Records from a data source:
******************************
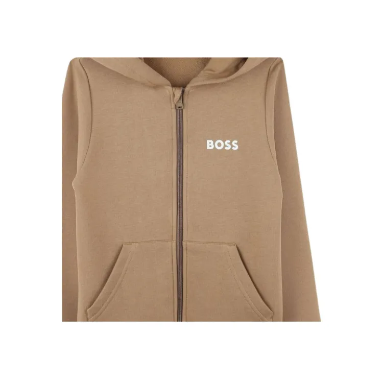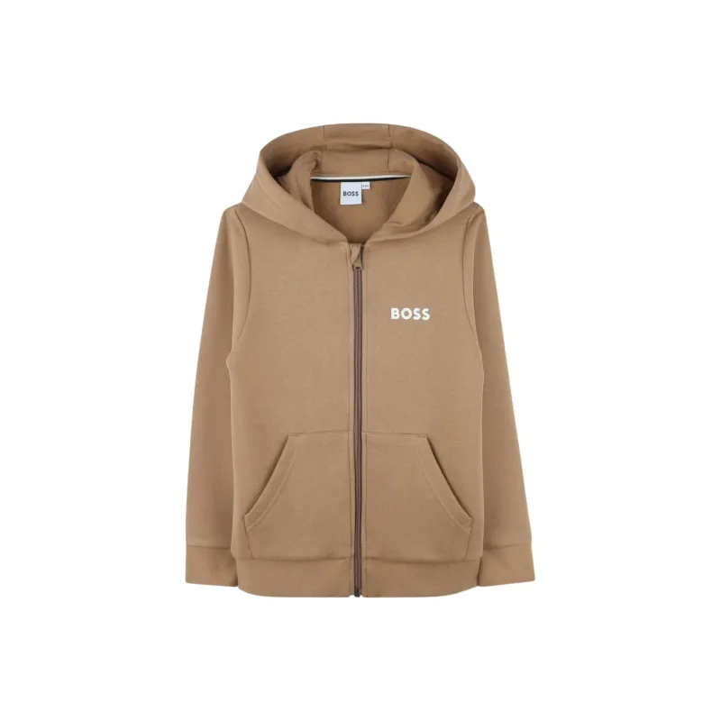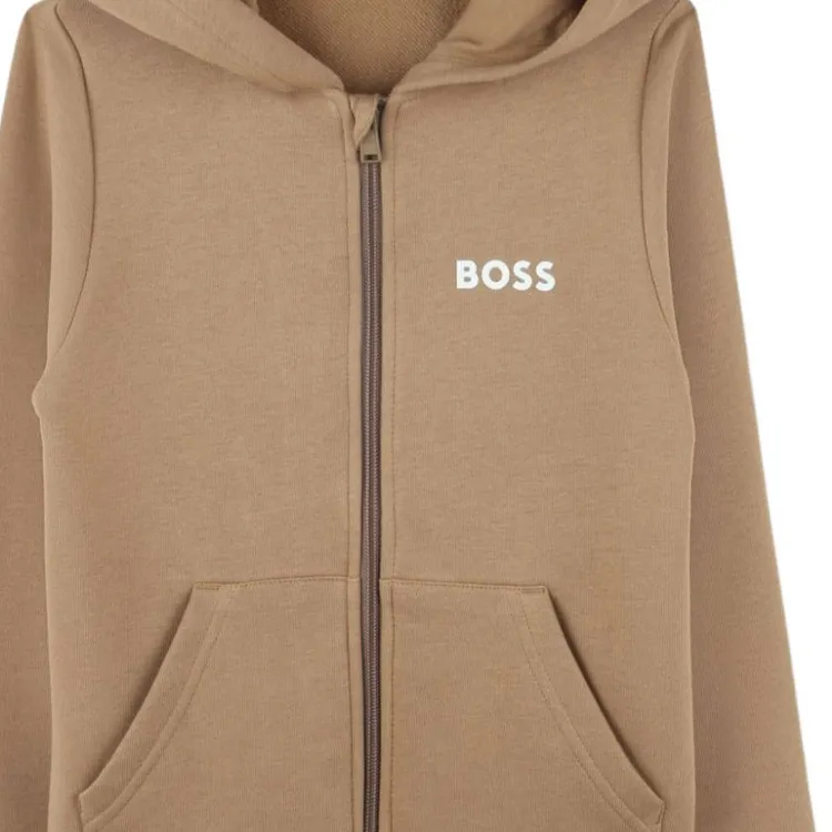 Hugo Boss Детская одежда Однотонный Накладной карман с молнией С капюшоном Длинный рукав Миндально-бежевый Детский
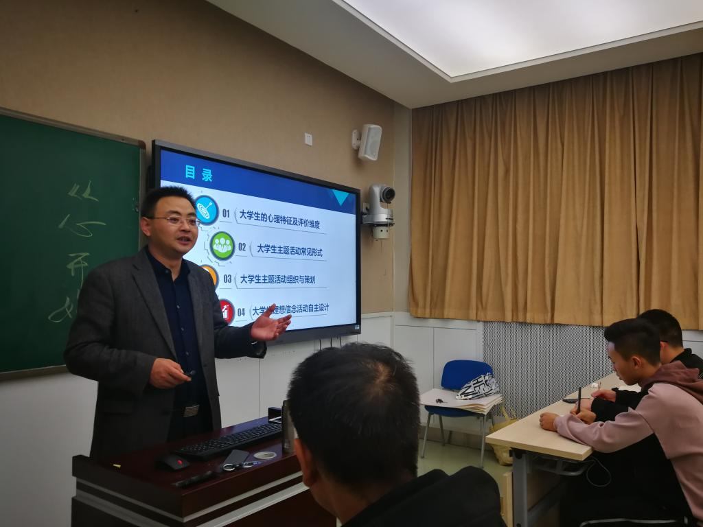 2018年11月9日,Beat365中文官方网站举办以“凝聚班级核心力量 锻造学生干部队伍”为主题的学生干部特色班会策划培训,共组织50余名班团学科学生干部前往陕西师范大学,接受该校教师专业能力发展中心暨现代教学技术教育部重点实验室教师、中国心理学会理论心理学与心理学史专业委员会委员段海军副教授的授课培训。活动由学院2018级辅导员刘鹏主持。
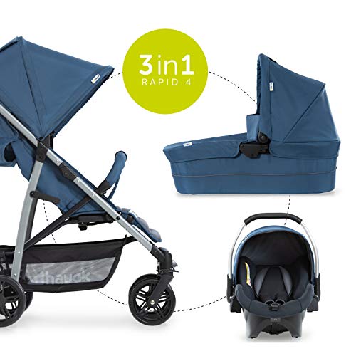 Hauck Passeggino Trio Rapid 4 Plus Trioset - Passeggino Trio Modulare con Ovetto Neonato, da 0 Mesi fino a 25kg - Carrozzina per Neonati con Materasso, Pieghevole, Regolabile e Reclinabile - Blu
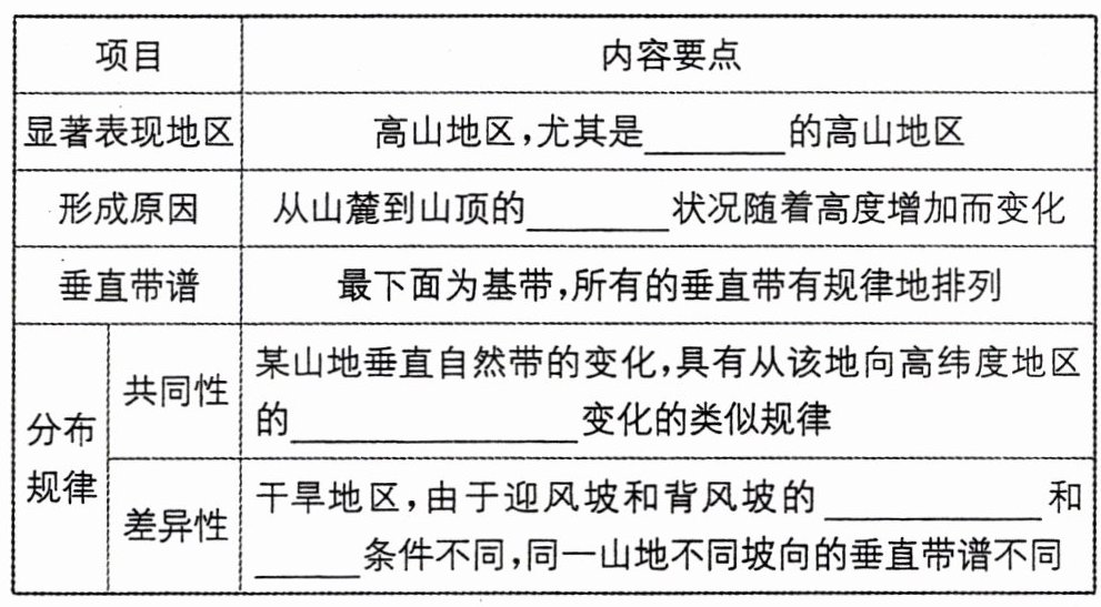 $3. $分布特点:从山麓到山顶出现由下而上随$_____$延伸逐渐变化更迭。
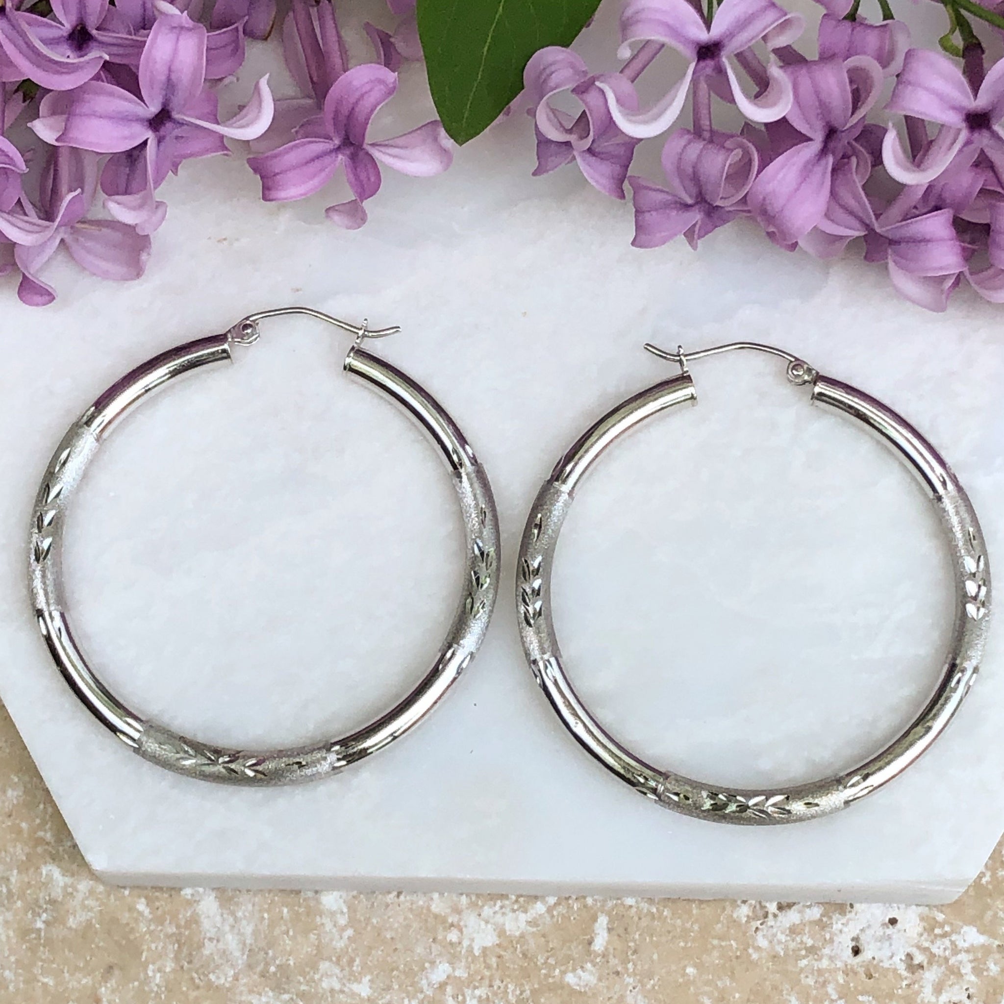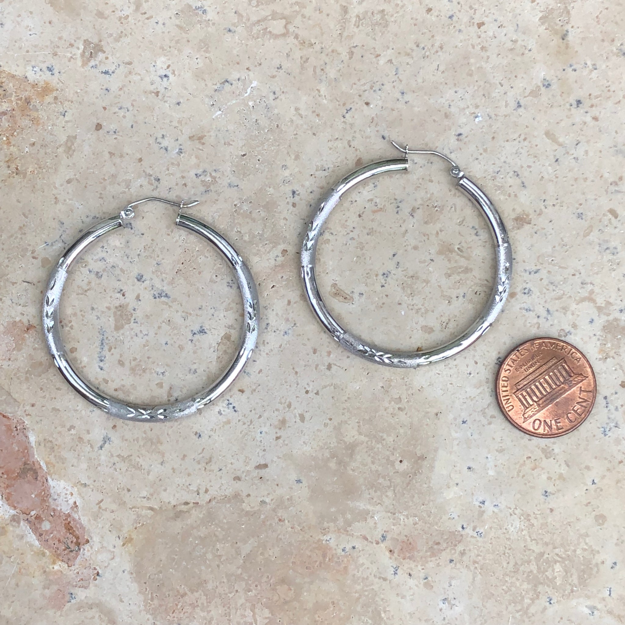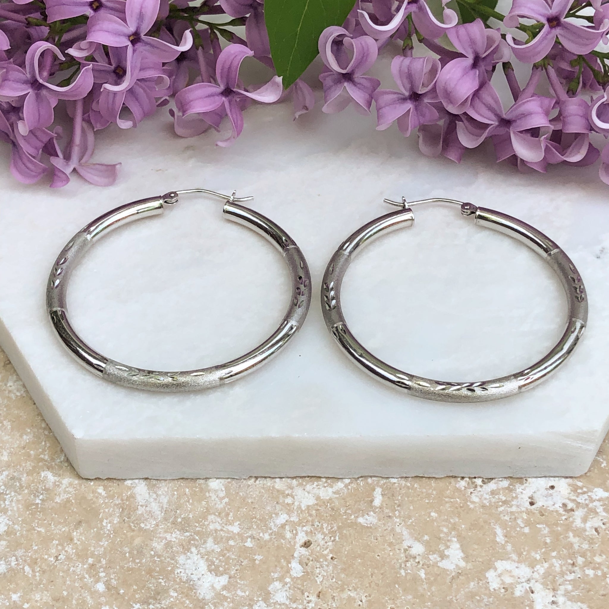 10KT White Gold Diamond-Cut + Satin Hoop Earrings 40mm
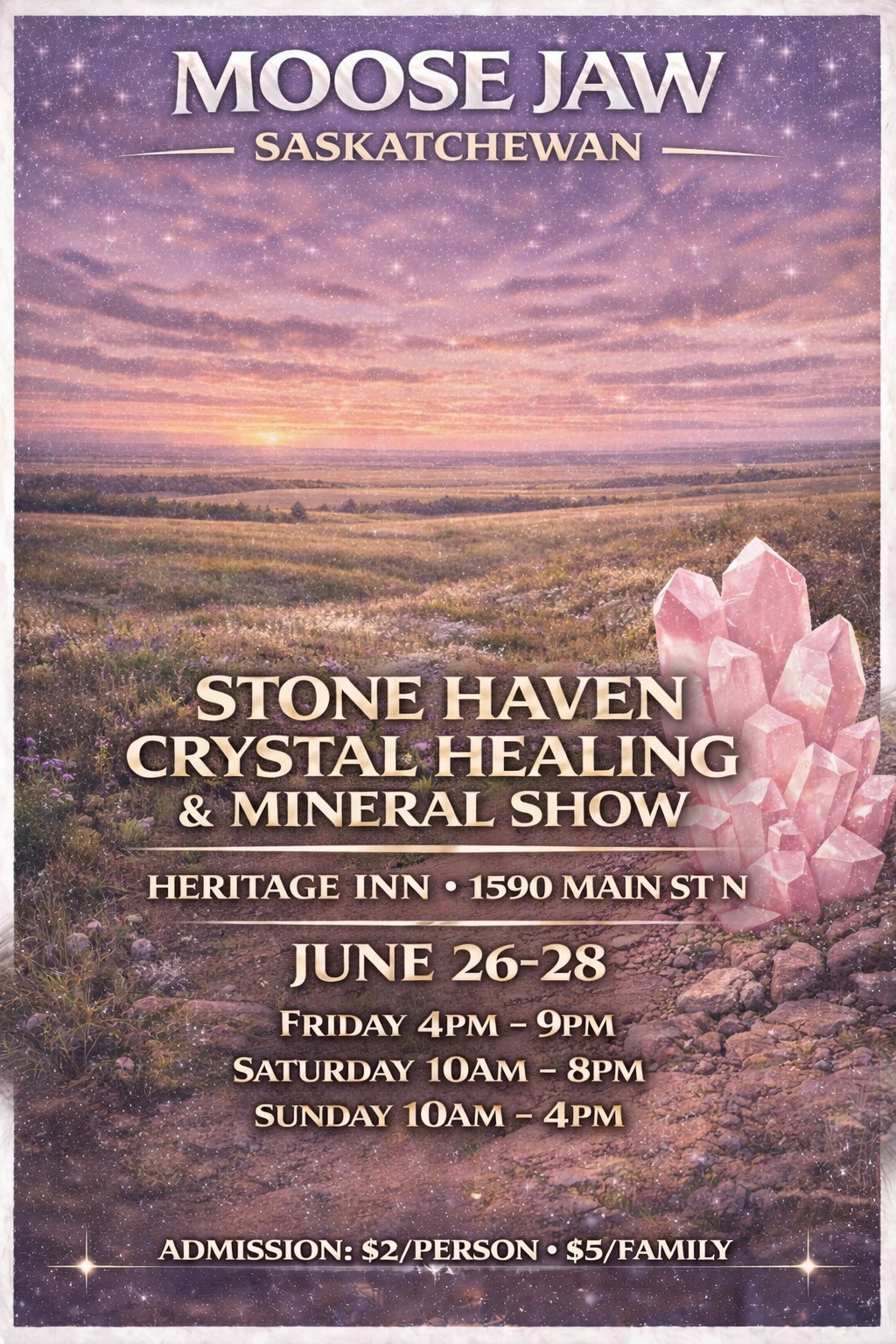 📍 MOOSE JAW Step into a world of crystals, minerals, energy, and wonder at the Stone Haven Crystal Healing & Mineral Show!
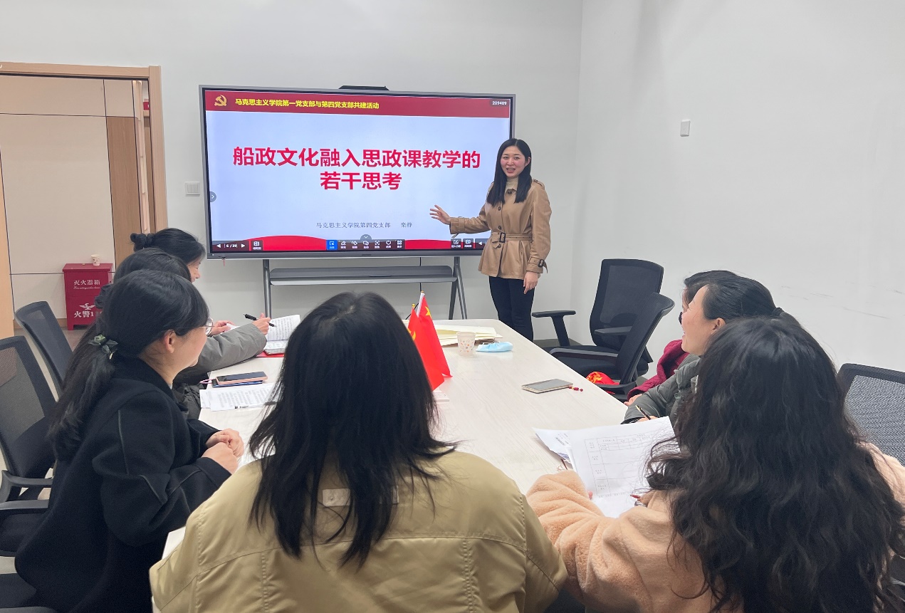 第四黨支部建在船政文化教研室上,支部成員中有兩位是正高級職稱,師資基礎(chǔ)雄厚。共建活動中,第四黨支部書記欒靜分享了將船政文化有機(jī)融入思政課的一些認(rèn)識;科研能力較強(qiáng)的江冰教授分享了她在課題申報(bào)、結(jié)項(xiàng)方面的經(jīng)驗(yàn)。
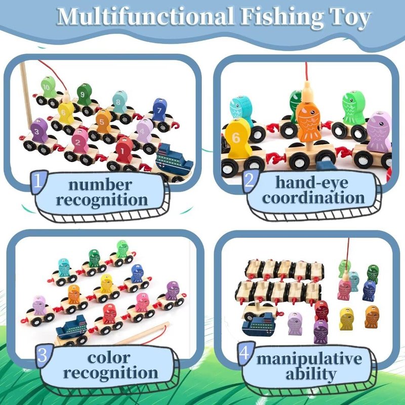 - WOODEN MAGNETIC NUMBER FISHING TRAIN TOY This train toy combines number fishing game with number train toy together. Toddlers or kids not only can play wooden magnetic number fishing game, but also can play wooden number train game. Boys and girls have double fun with this wooden magnetic number fishing train toy.
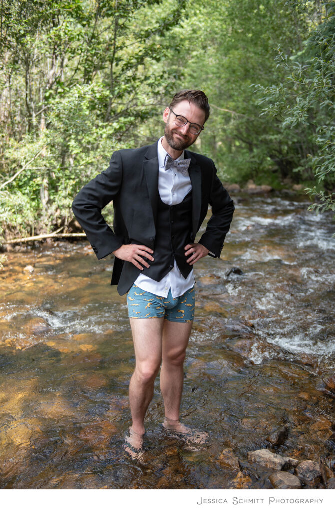 Shira shares, “We were at the venue getting ready when my fabulous wedding planner, Meghan, popped her head in to let me know that my groom was pantsless! He had forgotten his tuxedo pants at home, about an hour away. We were supposed to be doing our first look in 5 minutes. To ease the stress and make it a fun memory, Meghan suggested we make him pose in his boxers! It’s one of my favorite moments from the day. My brother, our officiant, saved the day by lending David his pants for the first look. By the time the ceremony rolled around, David had his pants back and all was well.”
******************************
What you have to do: Starting from the line with "Hauck Passeggino Trio" in the records above, repeat each line exactly until you have written the line with "第四黨支部建在船政文化教研室", then stop; drop the pictures.

Solution to this problem:
 Hauck Passeggino Trio Rapid 4 Plus Trioset - Passeggino Trio Modulare con Ovetto Neonato, da 0 Mesi fino a 25kg - Carrozzina per Neonati con Materasso, Pieghevole, Regolabile e Reclinabile - Blu
 $3. $分布特点:从山麓到山顶出现由下而上随$_____$延伸逐渐变化更迭。
 10KT White Gold Diamond-Cut + Satin Hoop Earrings 40mm
 📍 MOOSE JAW Step into a world of crystals, minerals, energy, and wonder at the Stone Haven Crystal Healing & Mineral Show!
 第四黨支部建在船政文化教研室上,支部成員中有兩位是正高級職稱,師資基礎(chǔ)雄厚。共建活動中,第四黨支部書記欒靜分享了將船政文化有機(jī)融入思政課的一些認(rèn)識;科研能力較強(qiáng)的江冰教授分享了她在課題申報(bào)、結(jié)項(xiàng)方面的經(jīng)驗(yàn)。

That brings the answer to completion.